Introduction To Machine Learning - Naive Bayes Classifier

This is my first post on machine learning algorithms, so please forgive my briefness in some concepts/examples.

The Naive Bayes model (NBM) is probably the simplest out of all machine learning algorithms, involving Bayesian statistics. It is a great primer model, in the sense that it should be used as a first take on your data. Usually, the NBM is a favorite for text mining/classification and fits those kinds of applications really well. It makes over simplifying assumptions, but none-the-less, a great tool for gaining preliminary insights into the data.

We first start off by defining conditional independence. Suppose we have three random variables A, B and C. These could be anything. For example, let them be the following:
A - will I have pizza for lunch today? (boolean variable, yes/no)
B - did I visit the cafeteria which has my favorite pizzeria (say, Tom's Delicious Pizzas)? (boolean variable, yes/no)
C - what's the name of the place on my receipt where I picked up lunch from today? (multivalued  variable; say I usually visit 8 places in the cafeteria for lunch, out of which Tom's Delicious Pizza is one)

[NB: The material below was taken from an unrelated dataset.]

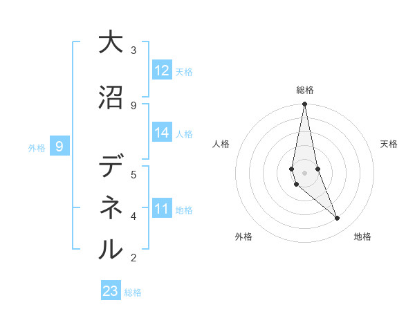 大沼 デネルさんを姓名の画数から五運を鑑定

Now, if you look closely at the inter-relationship between these three variables, you'll observe, that if I know that my receipt has/does not have "Tom's Delicious Pizzas" on it, the variable B does not tell me anything new towards predicting A! This is exactly what conditional independence means. "Conditioned" on the fact that I know C, the knowledge of B does not help me in any way to predict A. Hence, we can completely ignore B! In probabilistic terms, this is written as:

P(A| B, C) = P(A|C) provided A and B are conditionally independent, given C

Note: The "given C" part is really important. without any knowledge of C, B would suddenly become very relevant to predicting A. It is absolutely important for us to know C for the above formula to hold. If the following is true:

P(A|B) = P(A)

then it means that A and B are completely, or totally independent. This means, that B really has nothing to do with A. You can imagine A and B to be something like:
A - do you have a cold? (boolean variable, yes/no)
B - did the cow in your farm moo? (boolean variable, yes/no)
As you can see above, A and B have nothing to do with each other, they are completely independent.



Now that we have independence concepts out of the way, let us get to the Bayes Rule, which states the following:

P(A|B) = (P(B|A).P(A)) / P(B)

Also, we have the chain rule for any random variables X1, X2, ....., Xn as:

P(X1, X2, ....., Xn)  =  P(X1).P(X2 | X1).P(X3 | X1, X2)......P(Xn | X1, X2, X3, ...., X(n-1) )

As puzzling as these rules may look, they non-the-less, are true. The proofs for these are a bit more involved (if I had to explain them in layman's terms) and so, you can look them up here and here.
The basics of probability theorem can be found on a lot of websites, such as Wikipedia, university text uploads, etc. Here is one article that is relatively good. Please spend some time reading/scrolling through these texts before proceeding.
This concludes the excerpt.